The truth is, while it’s definitely important to protect your credit score, it’s also not as daunting a task as many people assume. Let’s take a look at the many financial activities that leave no mark on your credit.

What doesn’t hurt your credit score

There are several different types of credit scores, and each is calculated a bit differently. Most lenders rely on your FICO Score, which is issued by the Fair Isaac Corp. (Although, there are even different variations of the FICO Score.) In general, these eight things won’t affect any credit score your lenders are likely to consider.

1. How much you make

Whether you’re bringing home big bucks or barely pulling in minimum wage, your salary isn’t listed on your credit report. Now, it may be factored into a lender’s decision to grant you a loan or credit card and affect the interest rate you’re given, but it won’t move the needle on your FICO Score.

2. How much you have saved

If you’ve done a great job saving for a rainy day and have a boast-worthy balance in your savings account, good for you! It’s not good for your credit score, however. It’s not bad either, it’s just not a factor that’s taken under consideration.

3. Your personal demographics

Where you live, your marital status, your age, race, religion — none of that is considered when determining your credit score. In fact, it’s against the law to do so, according to the Consumer Credit Protection Act.

4. Your credit card interest rate

So, you scooped up a credit card with a sky-high interest rate. Yikes! That’s definitely not great for your bottom line, but it doesn’t factor into your credit score.

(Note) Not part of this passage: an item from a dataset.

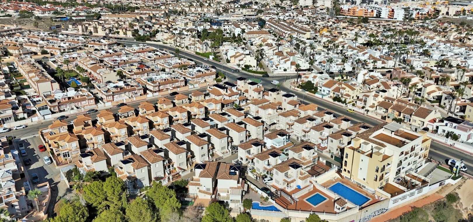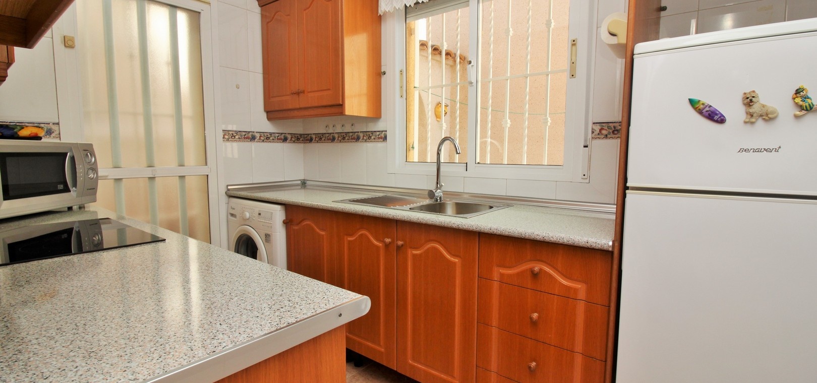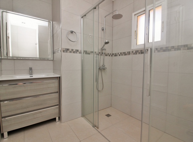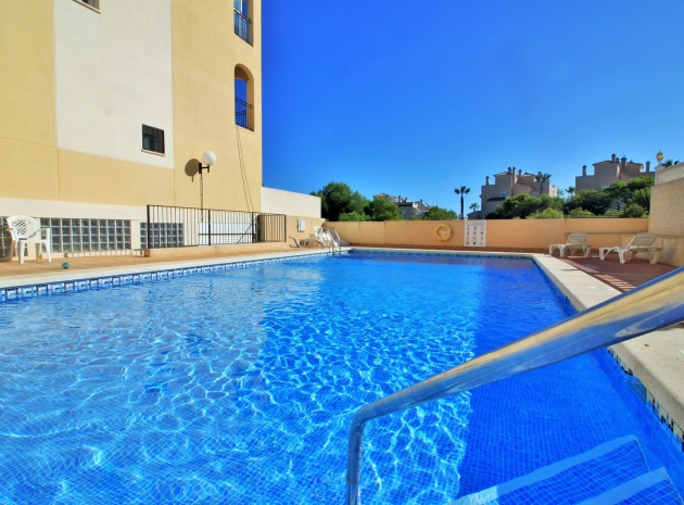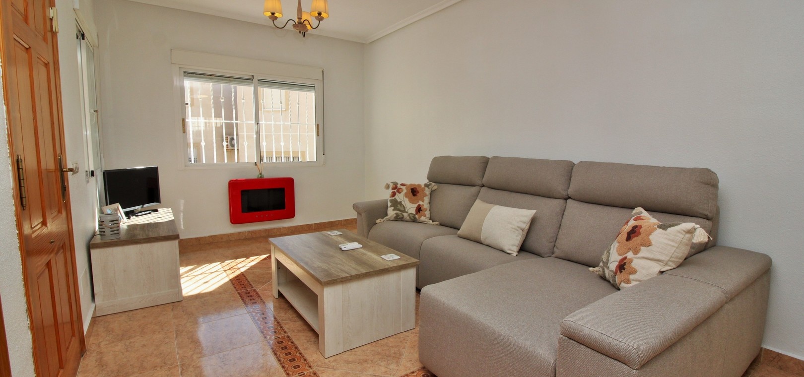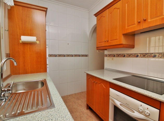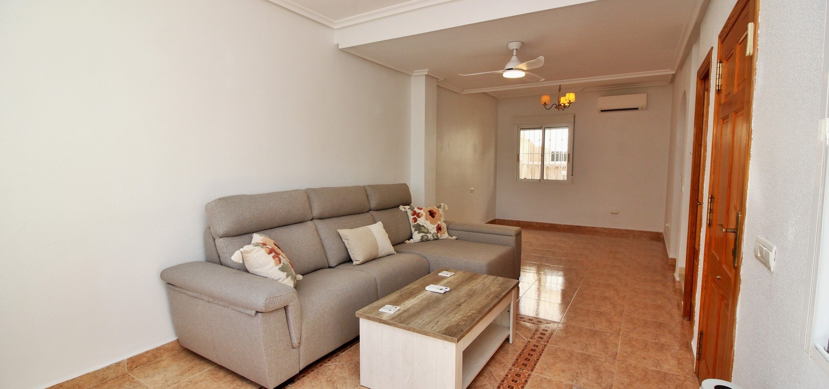 VERLAAGD MET €10.000! Prachtig gepresenteerde vrijstaande villa op het zuiden met gemeenschappelijk zwembad te koop in het wooncomplex La Pinada in Playa Flamenca. De villa verkeert in onberispelijke staat en is gelegen op een ideale locatie, op loopafstand van de lokale bars, restaurants, winkels, de zaterdagmarkt en het winkelcentrum Zenia Boulevard, met meer dan 155 winkels. De villa bevindt zich in de gemeenschap zonder doorgaand verkeer. Bezichtigingen worden ten zeerste aangeraden! Het pand is verdeeld over 2 verdiepingen, met op de begane grond een betegelde tuin met oprit, een verhoogd terras/porch die leidt naar de lichte en luchtige woon-eetkamer met aparte volledig uitgeruste keuken en een gerenoveerde badkamer beneden met inloopdouche. Vanuit de keuken heeft u ook toegang tot het buitenterras. Boven zijn 2 tweepersoonsslaapkamers met inbouwkasten en een gerenoveerde familiebadkamer met inloopdouche. Beide slaapkamers hebben een eigen balkon. De villa is goed onderhouden met nieuwe airconditioningunits, meubels, badkamers en overal opnieuw geverfd. Een perfect sleutelklaar pand, op een fantastische locatie in de buurt van de stranden en allerlei voorzieningen en diensten! La Pinada is een kleine en goed onderhouden gemeenschap die huiseigenaren gebruik biedt van een gemeenschappelijk zwembad. Neem vandaag nog contact met ons op om een bezichtiging te regelen!
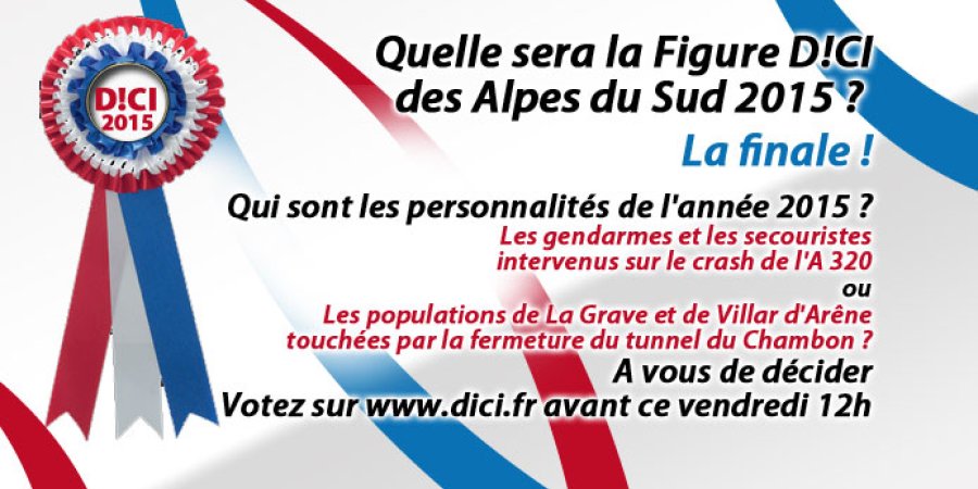 Grande finale du concours des Figures D!CI qui oppose les habitants de la Grave Villar d'Arène confrontés au problèmes du Chambon (38%) et les gendarmes et secouristes pour leur travail sur le Crash de l'A320 (62%). C'est à vous de voter avant vendredi pour élire votre personnalité préférée. Vous votez sur dici.fr*

The score keepers are more concerned with the amount of available credit you’re using than the interest rate you’re paying on that debt.

5. Unemployment

Losing your job can be painful, but don’t stress about it affecting your credit score. Neither your employment status nor any unemployment benefits you receive ever appear on your credit report. Of course, if losing your job keeps you from paying your bills on time, or forces you to max out your credit cards, then your score may take a hit. But the fact that you’re unemployed alone isn’t a factor in calculating your credit score.

6. Credit counseling

If you’re receiving or have received credit counseling, be proud that you’re trying to get your debt under control. But don’t expect it to move the needle on your credit score. If you repay a debt that has been negotiated through a credit counseling program or debt management plan, there may be a note indicating that on your credit report. But it won’t negatively affect your score. Paying off your debt, on the other hand, will give your score a boost in many cases.

7. Checking your credit report

While multiple hard inquiries by credit card companies in a short period may drag down your score, checking your own credit score or reports will not. In fact, it could indirectly help improve your score if you find errors on your report and have them corrected. As many as 1 in 5 credit reports contain errors, according to the Federal Trade Commission, so it’s definitely worth taking a look.

8. Being denied credit

If you apply for a loan or credit card and are turned down, the refusal may sting. But it won’t be factored into your credit score. Your rejection is yours to mourn privately.

What hurts your credit score the most?

So, what does hurt your credit? The biggest factor when it comes to your FICO Score is your payment history, accounting for 35% of your score. If you pay your bills late or let them go to collections, your score will definitely get dinged.

The next biggest determining factor is amounts owed. It’s not so much the total amount you owe though, but rather how much of your available credit you’re using. For example, someone who has $20,000 in debt but $100,000 in credit available to them may be better off than someone who has just $2,000 in debt but only one credit card with a limit of $2,500.

Bottom line

Your credit score is, undeniably, important. However, you don’t have to have to worry about every little move you make affecting it. Do what you can to pay your bills on time, use credit cards wisely and limit debt in general and, in most cases, you’ll be able to dodge major dings.